Wednesday, October 06, 2004

Life after death?

Where do people get the idea that life is meaningless if there is no afterlife? We don’t exist before we are born, then we are born and live out our lives, and then we die and go back to nonexistence. Life has a beginning and life has an end. Just like everything else.

Ok, I’m still mulling over what I heard someone say at SMART last Sunday. I don’t remember the exact quote but the idea was like this: “If we just die and go to nothing, why would people bother risking their lives for other people? In the end it wouldn’t matter, would it?”

I think it was intended as a rhetorical question, but I couldn’t resist replying. I said that people are willing to risk their lives for people and things because they matter to them now, not because they are permanent.

I think of it this way: If you plant a tree, people may sit in its shade 500 years from now. Or fifty years from now it might be cut down so a shopping center could be built where it stood. So, if the future generation prefers shopping over sitting in the shade, was it a total waste of your time and effort to plant the tree in the first place? I’d say not!
But even if the tree lasts a thousand years, someday it will die, and so will all the people who sat in its shade, and soon no one will remember that it was ever there.

Does this mean that you shouldn’t plant the tree, just because you know that it won’t last forever? I don’t think so. Who cares if your contribution will matter in 500 or a thousand years? It matters in the here and now!

More thought about life and death come from one of my favorite freethinkers, Carl Sagan.

Ann Druyann, the wife of Carl Sagan:
"Contrary to the fantasies of the fundamentalists, there was no deathbed conversion, no last minute refuge taken in a comforting vision of a heaven or an afterlife.

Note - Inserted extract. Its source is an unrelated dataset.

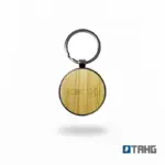 Llavero metálico con frente de bambú. Fabricado en aleación de zinc y bambú en tono natural. Cuenta con anilla resistente y diseño redondo elegante y liviano. Es ideal para regalos corporativos, ferias y merchandising sostenible.

For Carl, what mattered most was what was true, not merely what would make us feel better. Even at this moment when anyone would be forgiven for turning away from the reality of our situation, Carl was unflinching. As we looked deeply into each other's eyes, it was with a shared conviction that our wondrous life together was ending forever." (Barker 1998)

This is directly in line with what Carl Sagan said himself in his book, The Demon-Haunted World: Science as a Candle in the Dark:
"If some good evidence for life after death were announced, I'd be eager to examine it; but it would have to be real scientific data, not mere anecdote. As with the face on Mars and alien abductions, better the hard truth, I say, than the comforting fantasy. And in the final tolling it often turns out that the facts are more comforting than the fantasy." (Sagan 1996)

Amen.


Barker, Dan. "Life After Death." Freethought Today April 1998 <http://ffrf.org/fttoday/1998/april98/barker.html> Accessed Oct 6, 2004

Sagan, Carl. The Demon-Haunted World: Science as a Candle in the Dark. Ballantine Books, 1996

2 comments:

Luminous Phenomena said...

Carl Sagan was one of my heroes. I miss him.

Mikayla Starstuff said...

Unfortunately, I never even heard of him until after he died. First time was when I was at my sister's house when she lived in Florida in 1997(?) and we watched Contact. That initial contact was what planted the thought in my mind to check out his books when I was leaving xtianity.